▸ **EXERCISE OBJECTIVE**
Look through the entries below for the line with "With the clock" and the line with "Sportbeutel Sprüche und", then give again exactly those two lines and all lines between them, minus the pictures.

▸ **RECORDS FOR THIS TASK**

++++++

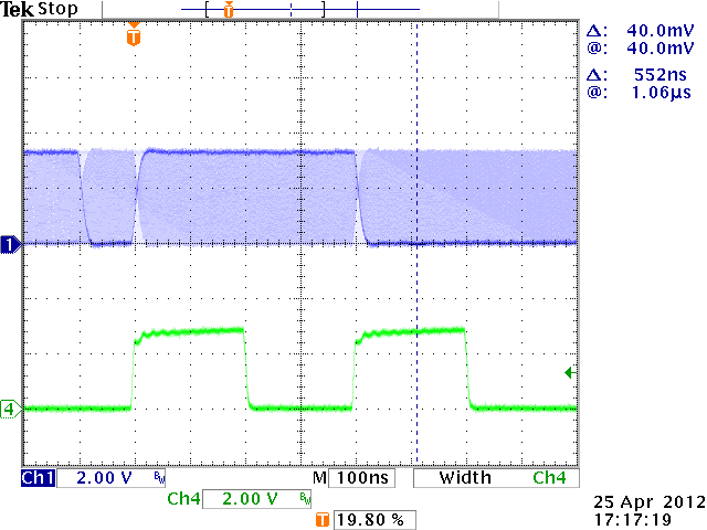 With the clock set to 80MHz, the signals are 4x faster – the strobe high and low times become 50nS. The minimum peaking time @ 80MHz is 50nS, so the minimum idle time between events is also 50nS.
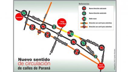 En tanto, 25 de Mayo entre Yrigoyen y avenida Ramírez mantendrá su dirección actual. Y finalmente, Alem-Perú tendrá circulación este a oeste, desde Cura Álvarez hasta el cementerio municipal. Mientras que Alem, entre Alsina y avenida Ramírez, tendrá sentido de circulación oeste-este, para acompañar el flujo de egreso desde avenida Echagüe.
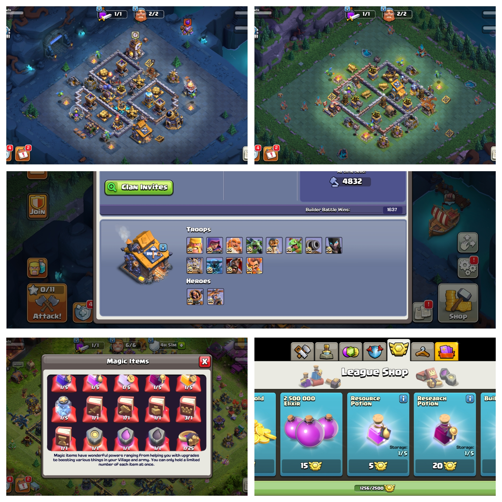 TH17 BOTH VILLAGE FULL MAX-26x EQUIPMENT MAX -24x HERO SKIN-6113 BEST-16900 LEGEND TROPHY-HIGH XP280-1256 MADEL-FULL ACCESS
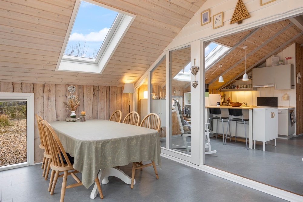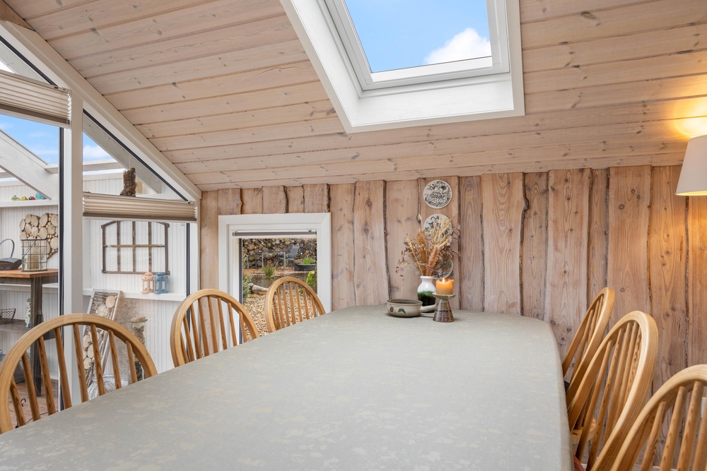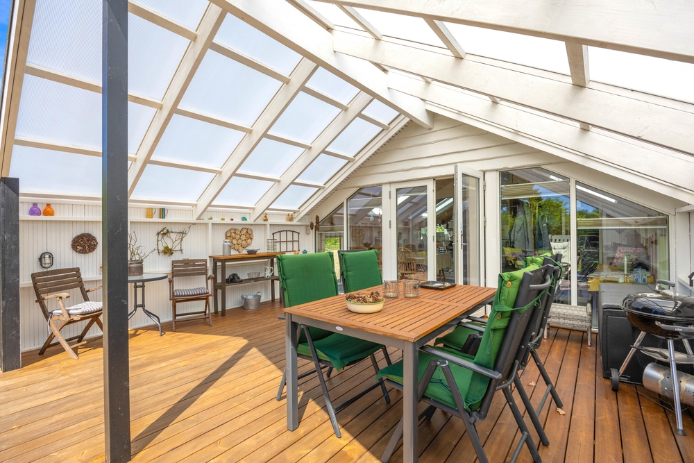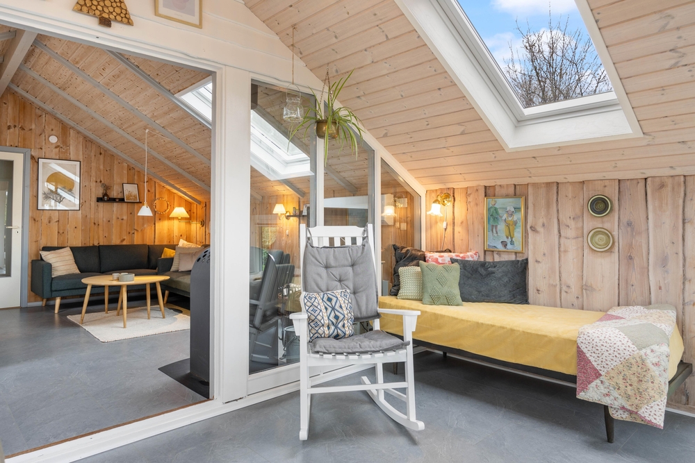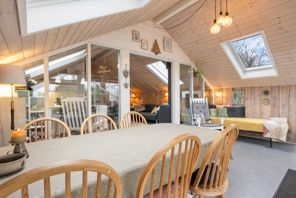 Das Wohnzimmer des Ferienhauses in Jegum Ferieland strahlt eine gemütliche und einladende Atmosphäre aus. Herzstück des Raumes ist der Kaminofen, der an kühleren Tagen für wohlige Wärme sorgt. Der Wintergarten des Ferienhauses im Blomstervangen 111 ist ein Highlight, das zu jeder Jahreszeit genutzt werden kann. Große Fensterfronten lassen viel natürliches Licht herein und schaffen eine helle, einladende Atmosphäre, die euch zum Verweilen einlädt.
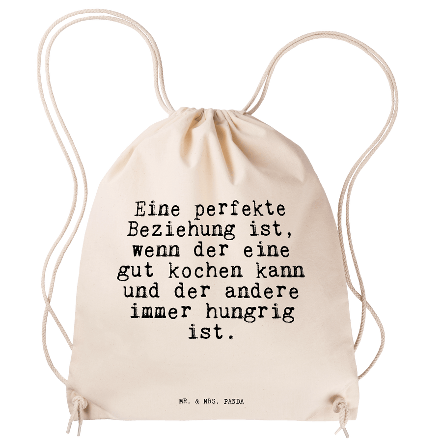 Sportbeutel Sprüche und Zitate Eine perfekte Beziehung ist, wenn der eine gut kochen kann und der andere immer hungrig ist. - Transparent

++++++

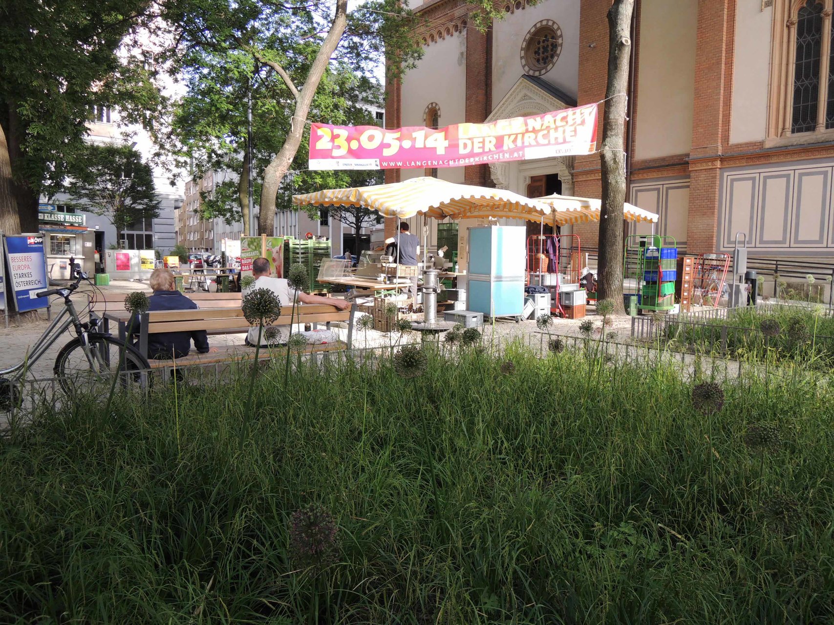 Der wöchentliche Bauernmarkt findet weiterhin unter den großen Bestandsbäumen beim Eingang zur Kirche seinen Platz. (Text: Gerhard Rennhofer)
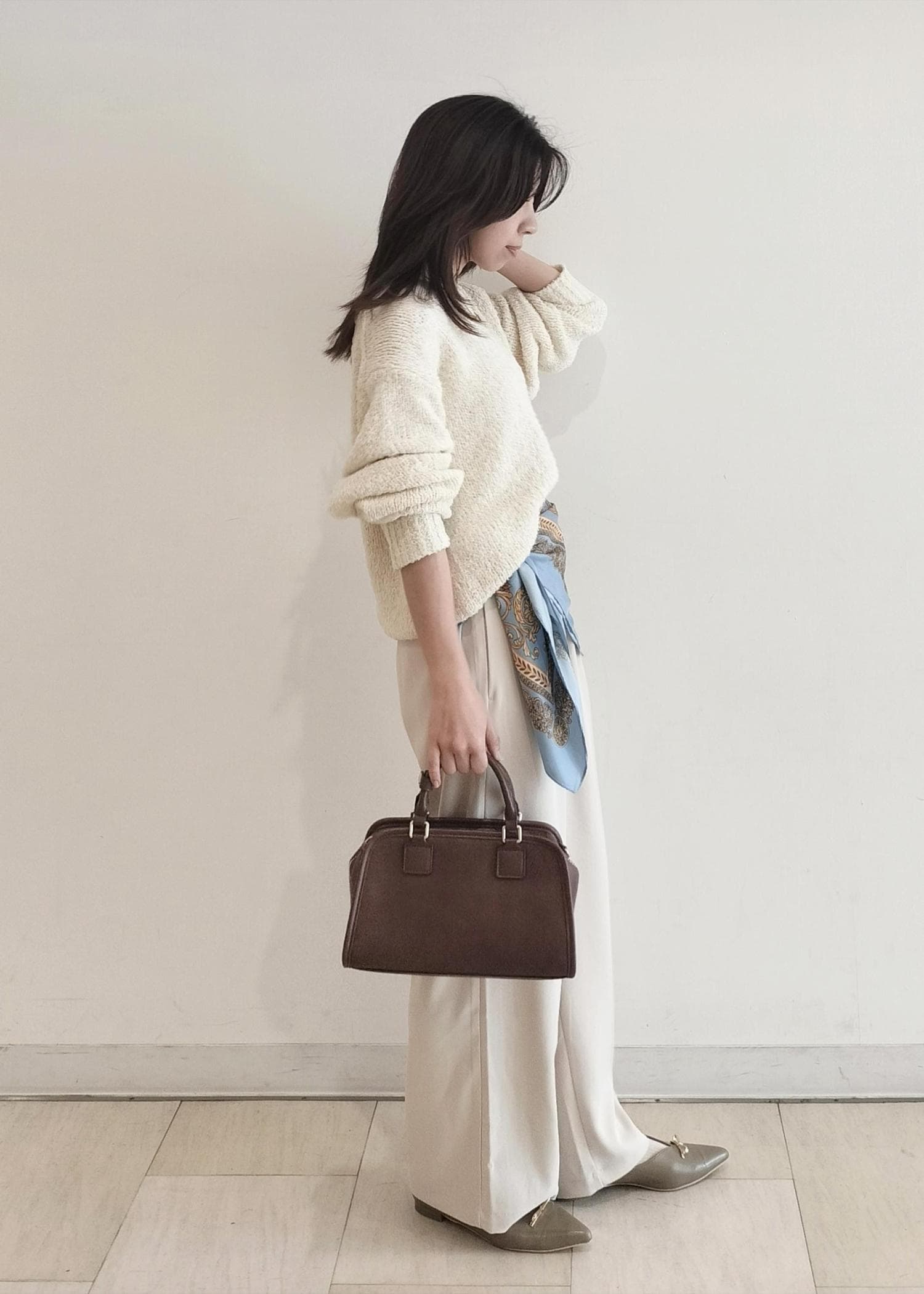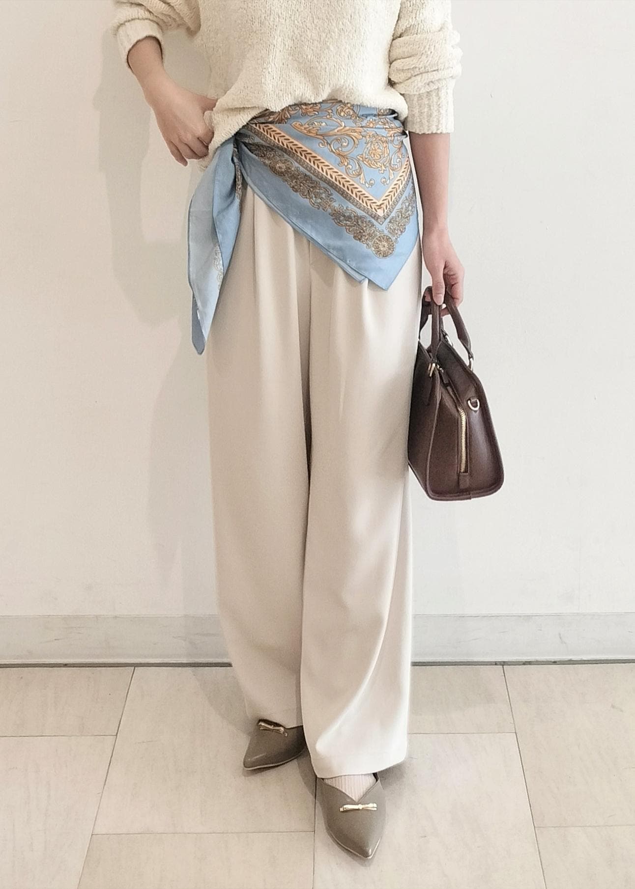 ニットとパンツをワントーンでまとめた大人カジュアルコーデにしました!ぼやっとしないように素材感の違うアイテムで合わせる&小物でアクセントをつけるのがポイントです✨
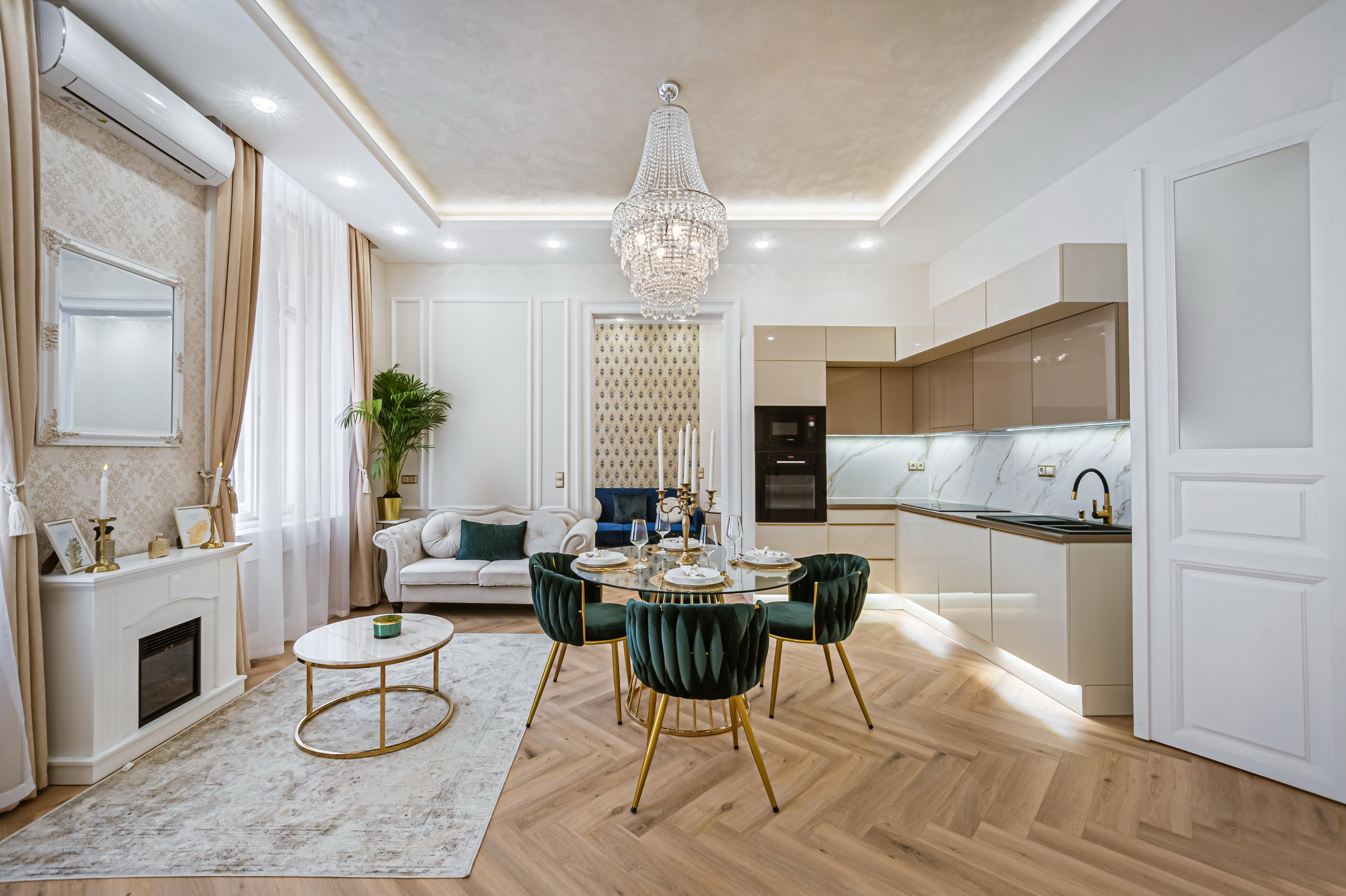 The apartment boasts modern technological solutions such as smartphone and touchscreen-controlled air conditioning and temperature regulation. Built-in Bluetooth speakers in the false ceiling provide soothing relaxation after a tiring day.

++++++

▸ **RESPONSE AREA**
 With the clock set to 80MHz, the signals are 4x faster – the strobe high and low times become 50nS. The minimum peaking time @ 80MHz is 50nS, so the minimum idle time between events is also 50nS.
 En tanto, 25 de Mayo entre Yrigoyen y avenida Ramírez mantendrá su dirección actual. Y finalmente, Alem-Perú tendrá circulación este a oeste, desde Cura Álvarez hasta el cementerio municipal. Mientras que Alem, entre Alsina y avenida Ramírez, tendrá sentido de circulación oeste-este, para acompañar el flujo de egreso desde avenida Echagüe.
 TH17 BOTH VILLAGE FULL MAX-26x EQUIPMENT MAX -24x HERO SKIN-6113 BEST-16900 LEGEND TROPHY-HIGH XP280-1256 MADEL-FULL ACCESS
 Das Wohnzimmer des Ferienhauses in Jegum Ferieland strahlt eine gemütliche und einladende Atmosphäre aus. Herzstück des Raumes ist der Kaminofen, der an kühleren Tagen für wohlige Wärme sorgt. Der Wintergarten des Ferienhauses im Blomstervangen 111 ist ein Highlight, das zu jeder Jahreszeit genutzt werden kann. Große Fensterfronten lassen viel natürliches Licht herein und schaffen eine helle, einladende Atmosphäre, die euch zum Verweilen einlädt.
 Sportbeutel Sprüche und Zitate Eine perfekte Beziehung ist, wenn der eine gut kochen kann und der andere immer hungrig ist. - Transparent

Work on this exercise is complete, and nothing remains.